Magnetic resonance imaging technique and analysis
CMR was performed on a 1.5-T scanner (Siemens Magnetom Avanto; Siemens Healthcare, Erlangen, Germany) using a 6-channel body array coil with a spine coil and electrocardiogram gating. Cine TrueFISP slices of 8 mm without any gap from the heart apex to valves were obtained in the short-axis plane to analyze the LV and in the axial plane to analyze the RV function. After injection of gadoterate meglumine (0.1 mmol/kg, Dotarem [Guerbet, Roissy, France]), a 5-min delay was used before obtaining a segmented inversion recovery cine TrueFISP pulse sequence at the midventricular short-axis level for the determination of the inversion time (TI) value for the nullification of the impact of the normal myocardium. Within the next 5 min, the LGE images were obtained using a TrueFISP gradient echo sequence with a determined TI (range: 280 to 330 ms) with a slice thickness of 8 mm in the short axis, 2-chamber view (vertical long axis through the left atrium and ventricle), 4-chamber view (horizontal long axis), and axial stacks covering the heart from apex to valves. Thereafter, the corresponding views were recovered using a phase-sensitive inversion recovery (PSIR) technique with a constant TI value of 300 ms. The late-enhancement imaging was performed within 15 min from the beginning of the gadoterate injection.

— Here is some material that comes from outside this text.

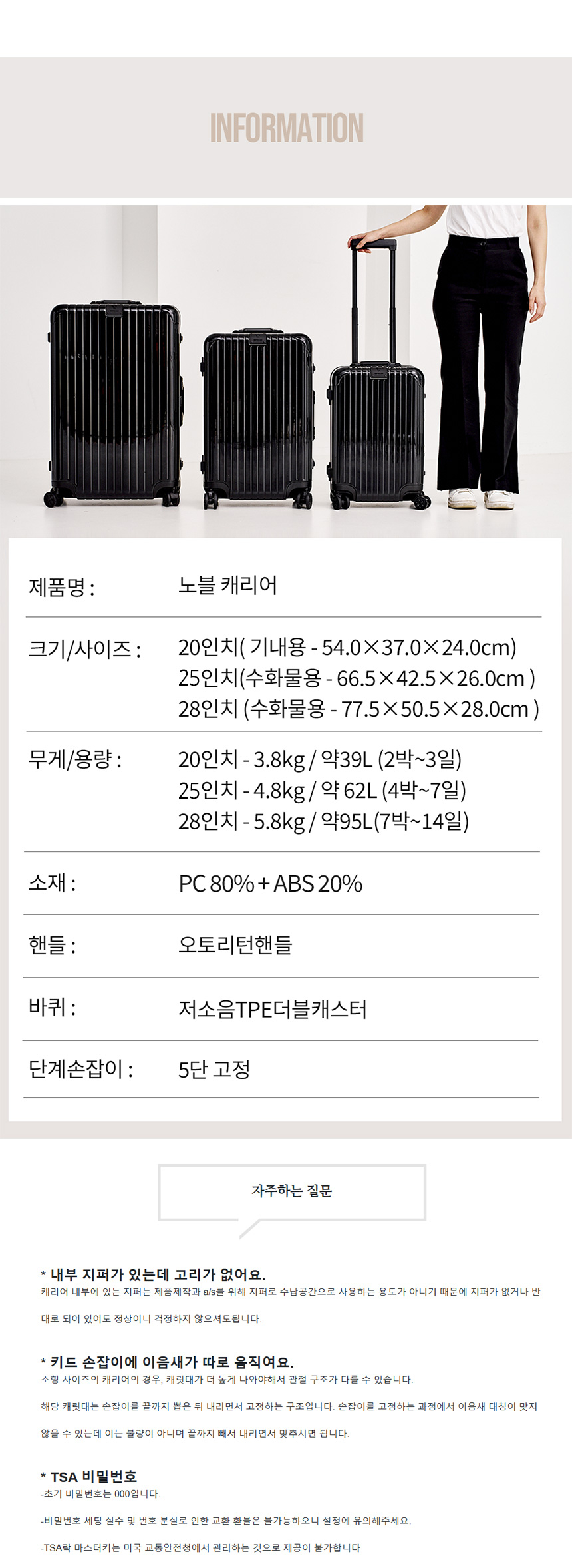 노블 20인치 기내용 캐리어 여행용가방

In the analysis, ARGUS software (Siemens AG, Munich, Germany) was used. All measurements were done manually. The end-systolic and diastolic frames were identified by determining the ventricular blood-pool areas. The LV volumes were calculated from the short axis, and the RV volumes were calculated from the axial cine views. The aortic outflow tract below the valve and the LV portion of the slice in the basal region near the left atrium were included in the LV volume measurements. The same principles were used for the RV. The free papillary muscles were included for both the ventricular volumes (Fig. 1). The LGE in the TrueFISP and PSIR sequences was independently analyzed by 2 radiologists (P.S.H, I.R.K.), who also independently analyzed 15 randomly selected data sets to evaluate the interobserver variability. One investigator (PSH) measured 15 data sets twice to assess the intraobserver variability.

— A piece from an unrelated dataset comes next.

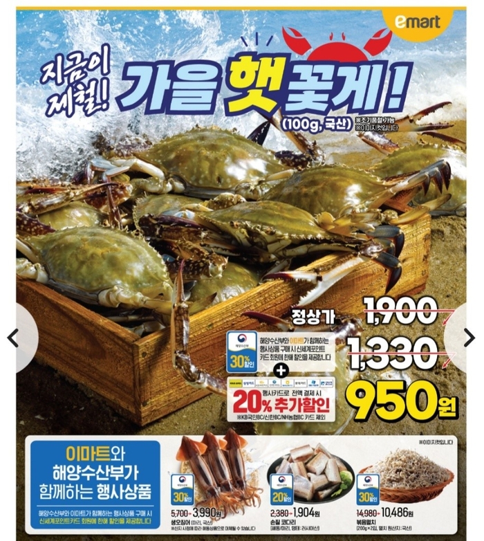 27일 유통업계에 따르면 이마트는 지난 24일부터 서울 용산·자양·왕십리·영등포·목동점,부천 중동점 등 수도권의 주요 점포에서 꽃게 가격을 100g당 최저 880원에 판매하고 있다. 이마트는 당초 지난 23일 가을꽃게 판매를 개시하면서 100g 950원에 판매한다고 밝혔고 전단지에도 950원을 표기했으나,이보다 가격을 70원 더 내린 것이다.

Descriptive statistics and analyses were performed using PASW Statistics 18.0 software (SPSS Inc., Chicago, Illinois). Descriptive statistics are presented as the frequencies and percentages for categoric data and the mean ± SD or median and (range) for continuous data. The CMR parameters were compared with published data (19,20) using the 1-sample Student t test. The categoric variables were compared using the chi-square test (the Fisher exact test when appropriate). For continuous data, the independent samples t test and the Mann-Whitney U test were used. All tests were 2-sided, and p values <0.05 were considered statistically significant. The intraobserver and interobserver variations were assessed using the Bland-Altman analysis (21).
The reference values for the CMR were deduced from published data. The LV parameters were compared with the data of Robbers-Visser et al. (19) describing the short-axis slices from 60 healthy children age 8 to 17 years. For the RV analysis, the data of Sarikouch et al. (20) on 99 healthy children age 8 to 20 years obtained by the axial slices were used. Abnormally large ventricular volumes were defined as those exceeding the published mean volumes by at least 2 SD.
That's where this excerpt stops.